Already worried over the country’s economic position, especially with regards to external trade and deficit positions, investors opted to offload shares from the word go, resulting in the benchmark-100 index touching a low of 41,025.2 points.
Apprehensions of a price war in the cement sector and poor off-take in the fertiliser sector for last month acted as the major draggers as well.
At close on Tuesday, the KSE-100 Index registered a fall of 903.12 points to finish at 41,115.78, barely 90 points higher than its lowest level during intra-day trading.
According to Elixir Securities, Pakistan equities closed lower after undergoing fresh hammering due to institutional selling that dragged the KSE-100 Index down to almost 41,000 points.

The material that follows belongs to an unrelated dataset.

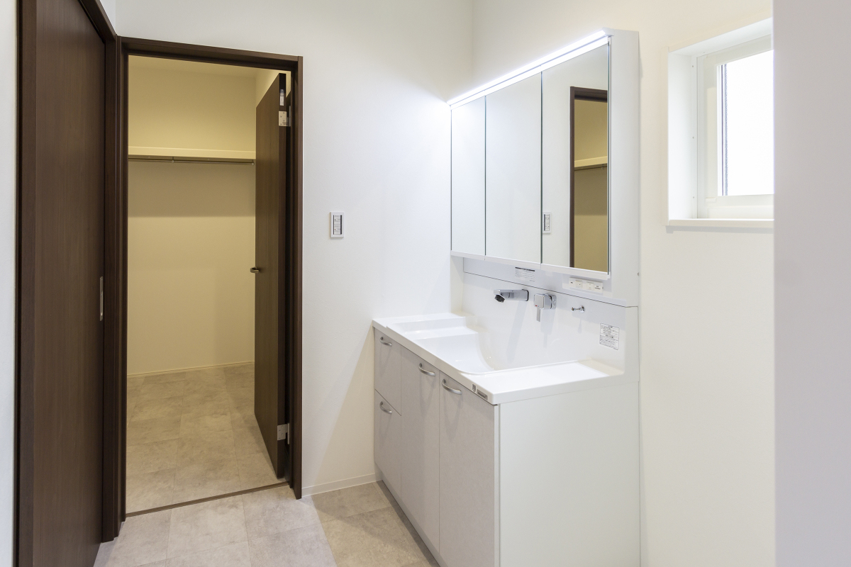 洗面化粧台は3面鏡&ハイバック水栓タイプ。ミラー裏や下部収納にアメニティーが収まるだけでなく、洗面所にも収納スペースを設けており、日用品や小物をすっきり整理できます。
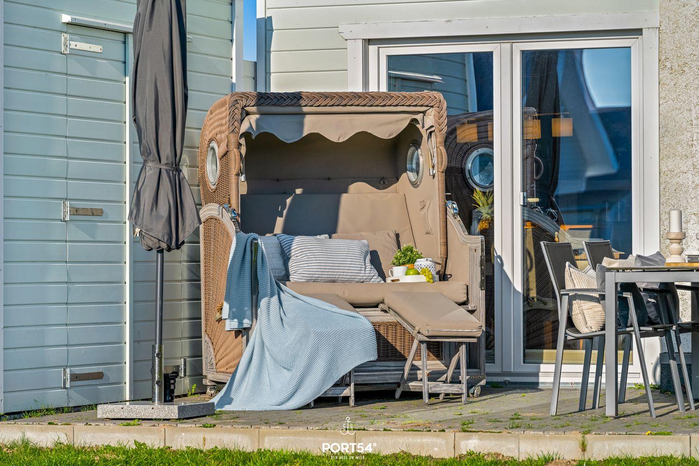 An sonnigen Tagen kannst Du es Dir auf der möblierten Terrasse gemütlich machen. Die Sonnenliegen laden zum Relaxen ein und an lauen Sommerabenden kannst Du die Tage auf der Terrasse ausklingen lassen.

“Market lost ground early on amid turbulence on political front as heavyweight sectors dragged the index on thin activity,” the report said.
“Cements led declines as the news of cut in cement prices by DG Khan Cement (-5%) in the range of Rs5-10/bag impacted the whole sector negatively with investors spooked on concerns of a possible price war among players. Thirteen out of 19 cement companies closed limit down as a result of this phenomenon.
“Meanwhile, fertiliser companies also witnessed pressure in anticipation of poor off-take figures for last month.
“We expect stocks to remain under pressure and trade volatile in the coming days with investors sitting tight and flows and politics guiding market direction,” the report added.
JS Global analyst Maaz Mulla the KSE-100 plummeted in today’s trading session closing 903 points below yesterday’s close at 41,116 level (-2.15%) as concerns over political scenario continued to keep investors’ confidence on the weaker side.
“Cement sector led the decline in the market as LUCK (-5.0%), DGKC (-5.0%), MLCF (-4.9%), CHCC (-5.0%) and FCCL (-5.0%) all closed at their lower circuit, cumulatively contributing -161 points to the index.
“Oil and gas exploration and production sector lost value to close in the red zone where PPL (-3.1%), POL (-0.2%) and OGDC (-2.2%) were the major losers of the sector.
“Fertiliser sector also witnessed bearish momentum with FFBL (-3.5%), FATIMA (-2.5%) and FFC (-2.4%) closing in the red trajectory.
“Moving forward, we expect similar bearish trend to continue unless we see any clarity over political scenario or positive triggers on the economic front. We recommend investors to remain cautious and sell on strength,” Mulla added.
Overall, trading volumes rose to 121 million shares compared with Monday’s tally of 88 million.
Shares of 392 companies were traded. At the end of the day, 51 stocks closed higher, 328 declined while 13 remained unchanged. The value of shares traded during the day was Rs6.7 billion.
Maple Leaf was the volume leader with 9.5 million shares, losing Rs4.10 to close at Rs78.87. It was followed by TRG Pakistan with 6.8 million shares, losing Rs1.74 to close at Rs35.31 and K-Electric with 6.8 million shares, losing Rs0.06 to close at Rs6.86.
Foreign institutional investors were net buyers of Rs128 million during the trading session, according to data compiled by the National Clearing Company of Pakistan Limit.